Wednesday, 20 February 2013

Finance Bill 2013: Second Stage (Resumed)

 

6:15 pm

Photo of Joe HigginsJoe Higgins (Dublin West, Socialist Party) | Oireachtas source

The Finance Bill 2013 merely carries on the failed austerity policies the Fine Gael and Labour Party in coalition have been implementing for two years. This does not prevent the Minister for Finance from trying to spin economic figures in favour of the Government. Introducing the Bill, he presented 0.8% growth in gross domestic product in the first three quarters of 2012 as if it were a success. I remind him that the Department of Finance, in December 2010 after the troika programme of salvaging the European speculators and bankers on the backs of Irish working people, forecast growth in 2012 of 3.2%, a decline in unemployment and an increase in the number of people at work. All these forecasts were nullified by the experience of the past two and a half years.

The austerity programme of cuts and tax increases is playing havoc with the domestic economy, yielding the disastrous unemployment situation, with approximately 444,000 people on the live register, emigration last year of approximately 80,000 people, mainly the young, and the general difficulty people are experiencing in surviving. Introducing the Bill, the Minister outlined growth in exports of 3.2% in the first three quarters of last year and indicated this was a major success. While every job in the export sector is welcome, the economic crisis and mass unemployment will not be resolved by export growth. Exports arise from areas of the economy which are generally highly capital intensive and do not, unfortunately, significantly increase the numbers at work relative to the amount of capital invested. Moreover, they do not in any way make up for the damage or decimation done to the domestic economy by the cuts and tax increases of this Government following on the example of the Government of Fianna Fáil and the Green Party.

Increasing investment is fundamental to job creation. Private investment has, however, collapsed catastrophically in the past five years and there is a paralysis of private investment all over Europe. According to McKinsey global forecasting, the decline in Ireland over this period was 64%. Last year, the financial press indicated that major European corporations in the eurozone and Britain were sitting on €3 trillion of accumulated profits which they failed to invest, while 26 million people are unemployed in the European Union. The reason they have not invested is that they are not confident of securing sufficient profit if they were to do so. European capitalism is, therefore, on an investment strike and when one combines this with savage austerity and cuts in public investment in many countries of Europe, one gets a eurozone economy in serious crisis.

The puny measures in this budget are totally inadequate to meet the extent of this crisis in Ireland. Some of the measures introduced in the past year or two, for example, the so-called JobBridge scheme, are contemptible initiatives designed simply to massage the figures. In the case of JobBridge, it provides exploitative packages to take young people off the official lists, while doing nothing to resolve the essential and serious problem of providing jobs. Radical measures are needed, including major investment in public infrastructure.
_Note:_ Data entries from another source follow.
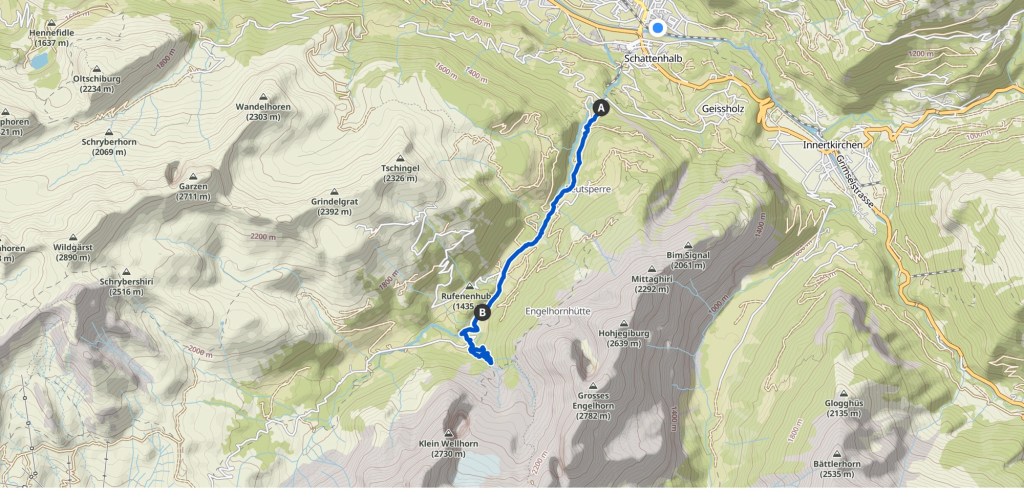 Anschließend geht es zu Fuß wieder bergab bis zur Bushaltestelle Kaltenbrunn. Von dort mit dem Bus und zwischenzeitlich hat es zu regnen begonnen zurück nach Meiringen. Es war eine wunderschöne Wanderung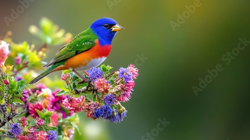 © BerkahStock, Fototapeta premium Colorful Bird Perched on Blooming Branch
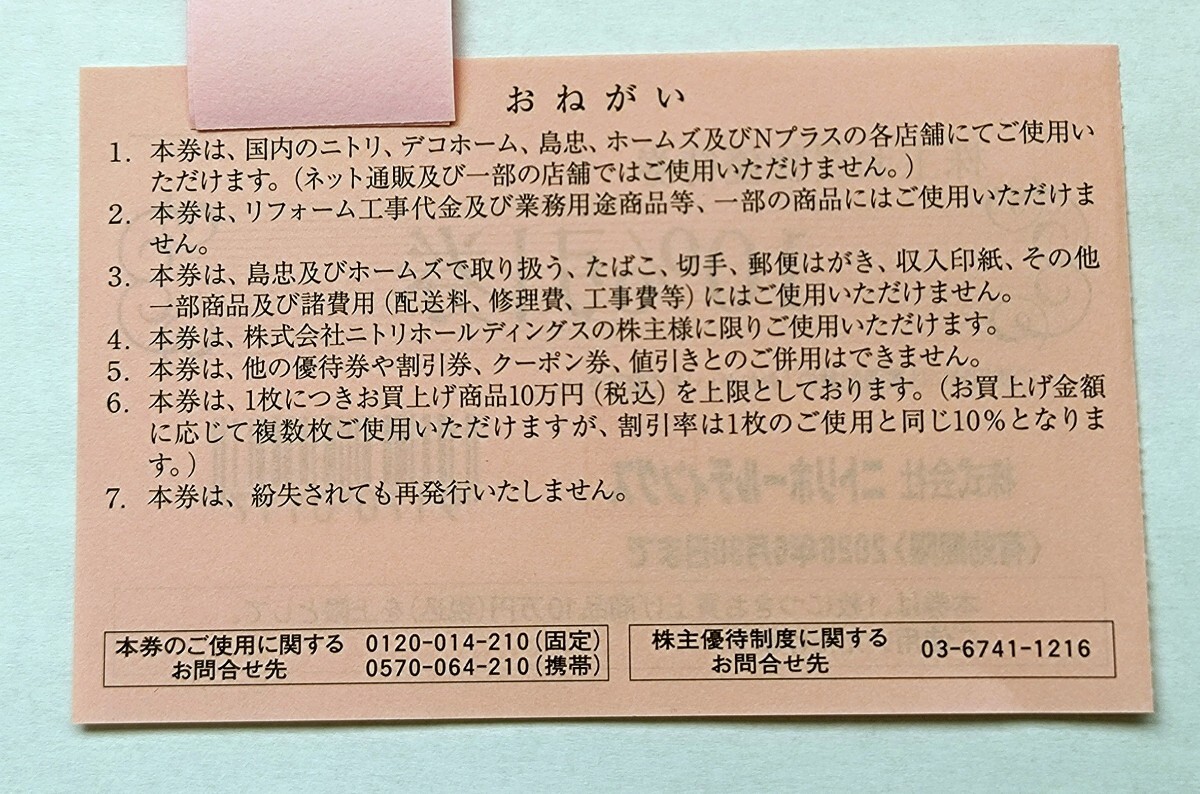 ●★ニトリ☆株主お買物優待券☆ニトリホールディングス☆10%引券☆送料無料★●

Public funding should be directed into this area, rather than to continuing to fund the disastrous bailout of bankers and the European financial markets.

The Minister and Government refused to tax the top 5% of earners, despite our pre-budget submission demonstrating that this group of earners could afford to pay another €2.5 billion this year alone without breaking their hearts. This is the type of funding that is required for major infrastructural projects which could take tens of thousands of skilled and unskilled workers off the dole, kick-start the economy and recreate economic growth. Instead, Fine Gael and the Labour Party bowed to the financial markets in carrying out their programme. What we need to do, on a European basis, is break the power of the financial markets, take the major banks and financial institutions into public ownership under democratic control of working class people and in that way use and direct them towards investment in infrastructure for the good of society, rather than the destructive profits of a tiny elite.

The property tax, if allowed to be implemented in 2013 and onwards, will be another major drain on individuals and families, which will further depress the domestic economy and give another twist to austerity. There will be consternation if letters are issued to every home next month demanding hundreds of euro, to be joined the following year, if Government plans are implemented, by a water tax that will come close to €1,000 per household. This will give rise to a massive campaign of opposition which should be fully supported, as citizens and ordinary taxpayers bring their power democratically to bear on a Government that is putting the interests of bondholders and bankers before those of the majority.

Therefore, the boycott of that odious so-called property tax, a tax on the individual and the family home, should be supported and political pressure should be applied to force the Government to relent.